Evidence from research such as the Professional Identities Project (Moore, Edwards, Haplin and George 2002) and the Autobiography and Reflective Practice Project (Moore and Ash 2002) indicates that science teachers’ descriptions of good science teaching had dense representations of the concepts of constructivism, inquiry and reflective practice. A key aspect of this research was to identify the epistemological orientations of current science educators in the two countries.

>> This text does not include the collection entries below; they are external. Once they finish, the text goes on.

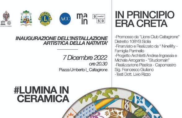 Alle 20,30, in piazza Umberto, per “#Lumina in ceramica”, inaugurazione dell’installazione artistica della Natività “In principio era creta”, su iniziativa del Lions Club di Caltagirone – Distretto 108Yb Sicilia. L’opera, progettata da Andrea Ingrassia e Michela Arrogante, architetti di “Studiomain”, è stata finanziata e realizzata da “Ninefifty” della famiglia Parrinello, mentre la realizzazione plastica si deve a Francesco Giuliano. Testi di Livio Rizzo.
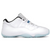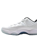 The Air Jordan 11 Low Legend Blue takes inspiration from the iconic 1996 All-Star Game sneaker, where Michael Jordan debuted the original Legend Blue 11. This updated 2021 version features an all-white upper made from smooth leather and patent leather, with the classic Jumpman logo and "23" insignia on the ankle. A white midsole and a translucent "icy" blue outsole add the finishing touches to the design. The Air Jordan 11 Low Legend Blue was released in May of 2021.
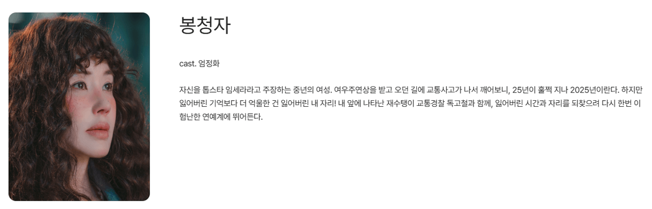 | 엄정화 | 봉청자 | 교통사고 후 25년의 기억을 잃고 깨어난 톱스타 임세라의 현재 모습. 25세의 기억만 남아 혼란스러워합니다. |

Dominant paradigms in science teacher training
The need for quality teachers is a key objective of teacher preparation programmes. Debate and controversy however surround the notion of what good science teaching is. Amidst the divergent views about what constitutes good science teaching are four dominant paradigms, the competent craftsperson, the reflective practitioner, the academic and the charismatic discourses. Moore (2004) provides a comprehensive analysis of these different orientations and argues that the paradigms exist uneasily around diametrically opposed assumptions about good teaching yet they share a lot in common at their points of intersection. The figure below is an attempt to map the field of forces around these key discourses of good teaching. The centre of this field represents what could be referred to as the ideal teacher prototype, rarely achieved because of the underlying assumptions held by trainers and trainees alike which tend to gravitate towards the corners of the field rather than the centre.